• **Task brief**
All the data beneath this line is to be reproduced exactly.

• **Task input**
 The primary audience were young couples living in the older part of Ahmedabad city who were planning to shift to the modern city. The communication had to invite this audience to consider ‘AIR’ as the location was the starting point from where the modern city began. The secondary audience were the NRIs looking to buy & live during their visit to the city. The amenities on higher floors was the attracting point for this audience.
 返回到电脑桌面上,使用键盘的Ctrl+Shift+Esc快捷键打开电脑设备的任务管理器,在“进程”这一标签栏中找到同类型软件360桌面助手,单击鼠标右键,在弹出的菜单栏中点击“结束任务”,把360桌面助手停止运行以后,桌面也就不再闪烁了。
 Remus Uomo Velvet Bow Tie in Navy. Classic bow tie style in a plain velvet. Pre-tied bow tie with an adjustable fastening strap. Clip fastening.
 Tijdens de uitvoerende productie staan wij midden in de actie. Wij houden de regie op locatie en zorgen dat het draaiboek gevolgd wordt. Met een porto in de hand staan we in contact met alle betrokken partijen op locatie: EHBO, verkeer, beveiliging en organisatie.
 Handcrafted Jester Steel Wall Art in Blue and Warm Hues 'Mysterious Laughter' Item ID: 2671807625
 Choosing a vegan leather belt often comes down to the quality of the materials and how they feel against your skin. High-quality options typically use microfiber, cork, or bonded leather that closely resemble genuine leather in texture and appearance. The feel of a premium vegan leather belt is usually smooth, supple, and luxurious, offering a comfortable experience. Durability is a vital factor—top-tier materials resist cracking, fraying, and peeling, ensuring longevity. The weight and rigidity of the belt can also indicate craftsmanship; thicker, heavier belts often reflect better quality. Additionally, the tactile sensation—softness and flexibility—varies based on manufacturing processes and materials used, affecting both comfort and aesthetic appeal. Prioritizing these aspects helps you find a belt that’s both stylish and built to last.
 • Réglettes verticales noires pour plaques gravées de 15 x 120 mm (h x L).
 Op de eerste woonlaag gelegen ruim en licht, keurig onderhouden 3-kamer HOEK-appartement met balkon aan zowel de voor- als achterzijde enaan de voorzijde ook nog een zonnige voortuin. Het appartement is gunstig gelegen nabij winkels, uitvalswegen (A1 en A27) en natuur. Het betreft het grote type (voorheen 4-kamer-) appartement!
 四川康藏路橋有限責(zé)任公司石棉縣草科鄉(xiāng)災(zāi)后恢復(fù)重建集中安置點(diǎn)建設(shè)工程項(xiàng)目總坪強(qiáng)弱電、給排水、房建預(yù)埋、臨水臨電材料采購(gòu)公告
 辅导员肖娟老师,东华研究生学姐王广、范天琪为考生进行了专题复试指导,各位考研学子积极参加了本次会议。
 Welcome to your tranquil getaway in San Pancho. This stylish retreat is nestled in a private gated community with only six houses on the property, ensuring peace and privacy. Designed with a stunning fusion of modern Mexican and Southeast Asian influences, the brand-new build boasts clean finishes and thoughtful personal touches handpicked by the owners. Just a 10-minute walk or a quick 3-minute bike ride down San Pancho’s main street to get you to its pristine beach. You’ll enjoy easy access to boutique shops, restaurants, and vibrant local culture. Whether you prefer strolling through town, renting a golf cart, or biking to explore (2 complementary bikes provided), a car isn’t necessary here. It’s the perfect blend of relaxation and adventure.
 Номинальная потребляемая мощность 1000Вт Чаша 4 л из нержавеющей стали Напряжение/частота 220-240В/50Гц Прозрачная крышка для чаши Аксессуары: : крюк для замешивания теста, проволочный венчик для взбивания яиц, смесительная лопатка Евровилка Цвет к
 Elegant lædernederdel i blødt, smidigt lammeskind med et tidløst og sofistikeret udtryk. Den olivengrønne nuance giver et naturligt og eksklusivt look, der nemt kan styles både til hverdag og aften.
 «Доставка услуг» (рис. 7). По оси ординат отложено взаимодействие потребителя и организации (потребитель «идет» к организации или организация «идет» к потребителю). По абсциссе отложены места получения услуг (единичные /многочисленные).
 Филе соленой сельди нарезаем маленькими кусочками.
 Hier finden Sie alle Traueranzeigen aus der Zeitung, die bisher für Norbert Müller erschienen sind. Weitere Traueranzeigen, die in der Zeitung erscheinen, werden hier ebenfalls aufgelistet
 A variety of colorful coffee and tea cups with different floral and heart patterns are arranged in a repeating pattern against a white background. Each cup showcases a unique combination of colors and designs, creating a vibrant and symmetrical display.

• **Solution for this task**
 The primary audience were young couples living in the older part of Ahmedabad city who were planning to shift to the modern city. The communication had to invite this audience to consider ‘AIR’ as the location was the starting point from where the modern city began. The secondary audience were the NRIs looking to buy & live during their visit to the city. The amenities on higher floors was the attracting point for this audience.
 返回到电脑桌面上,使用键盘的Ctrl+Shift+Esc快捷键打开电脑设备的任务管理器,在“进程”这一标签栏中找到同类型软件360桌面助手,单击鼠标右键,在弹出的菜单栏中点击“结束任务”,把360桌面助手停止运行以后,桌面也就不再闪烁了。
 Remus Uomo Velvet Bow Tie in Navy. Classic bow tie style in a plain velvet. Pre-tied bow tie with an adjustable fastening strap. Clip fastening.
 Tijdens de uitvoerende productie staan wij midden in de actie. Wij houden de regie op locatie en zorgen dat het draaiboek gevolgd wordt. Met een porto in de hand staan we in contact met alle betrokken partijen op locatie: EHBO, verkeer, beveiliging en organisatie.
 Handcrafted Jester Steel Wall Art in Blue and Warm Hues 'Mysterious Laughter' Item ID: 2671807625
 Choosing a vegan leather belt often comes down to the quality of the materials and how they feel against your skin. High-quality options typically use microfiber, cork, or bonded leather that closely resemble genuine leather in texture and appearance. The feel of a premium vegan leather belt is usually smooth, supple, and luxurious, offering a comfortable experience. Durability is a vital factor—top-tier materials resist cracking, fraying, and peeling, ensuring longevity. The weight and rigidity of the belt can also indicate craftsmanship; thicker, heavier belts often reflect better quality. Additionally, the tactile sensation—softness and flexibility—varies based on manufacturing processes and materials used, affecting both comfort and aesthetic appeal. Prioritizing these aspects helps you find a belt that’s both stylish and built to last.
 • Réglettes verticales noires pour plaques gravées de 15 x 120 mm (h x L).
 Op de eerste woonlaag gelegen ruim en licht, keurig onderhouden 3-kamer HOEK-appartement met balkon aan zowel de voor- als achterzijde enaan de voorzijde ook nog een zonnige voortuin. Het appartement is gunstig gelegen nabij winkels, uitvalswegen (A1 en A27) en natuur. Het betreft het grote type (voorheen 4-kamer-) appartement!
 四川康藏路橋有限責(zé)任公司石棉縣草科鄉(xiāng)災(zāi)后恢復(fù)重建集中安置點(diǎn)建設(shè)工程項(xiàng)目總坪強(qiáng)弱電、給排水、房建預(yù)埋、臨水臨電材料采購(gòu)公告
 辅导员肖娟老师,东华研究生学姐王广、范天琪为考生进行了专题复试指导,各位考研学子积极参加了本次会议。
 Welcome to your tranquil getaway in San Pancho. This stylish retreat is nestled in a private gated community with only six houses on the property, ensuring peace and privacy. Designed with a stunning fusion of modern Mexican and Southeast Asian influences, the brand-new build boasts clean finishes and thoughtful personal touches handpicked by the owners. Just a 10-minute walk or a quick 3-minute bike ride down San Pancho’s main street to get you to its pristine beach. You’ll enjoy easy access to boutique shops, restaurants, and vibrant local culture. Whether you prefer strolling through town, renting a golf cart, or biking to explore (2 complementary bikes provided), a car isn’t necessary here. It’s the perfect blend of relaxation and adventure.
 Номинальная потребляемая мощность 1000Вт Чаша 4 л из нержавеющей стали Напряжение/частота 220-240В/50Гц Прозрачная крышка для чаши Аксессуары: : крюк для замешивания теста, проволочный венчик для взбивания яиц, смесительная лопатка Евровилка Цвет к
 Elegant lædernederdel i blødt, smidigt lammeskind med et tidløst og sofistikeret udtryk. Den olivengrønne nuance giver et naturligt og eksklusivt look, der nemt kan styles både til hverdag og aften.
 «Доставка услуг» (рис. 7). По оси ординат отложено взаимодействие потребителя и организации (потребитель «идет» к организации или организация «идет» к потребителю). По абсциссе отложены места получения услуг (единичные /многочисленные).
 Филе соленой сельди нарезаем маленькими кусочками.
 Hier finden Sie alle Traueranzeigen aus der Zeitung, die bisher für Norbert Müller erschienen sind. Weitere Traueranzeigen, die in der Zeitung erscheinen, werden hier ebenfalls aufgelistet
 A variety of colorful coffee and tea cups with different floral and heart patterns are arranged in a repeating pattern against a white background. Each cup showcases a unique combination of colors and designs, creating a vibrant and symmetrical display.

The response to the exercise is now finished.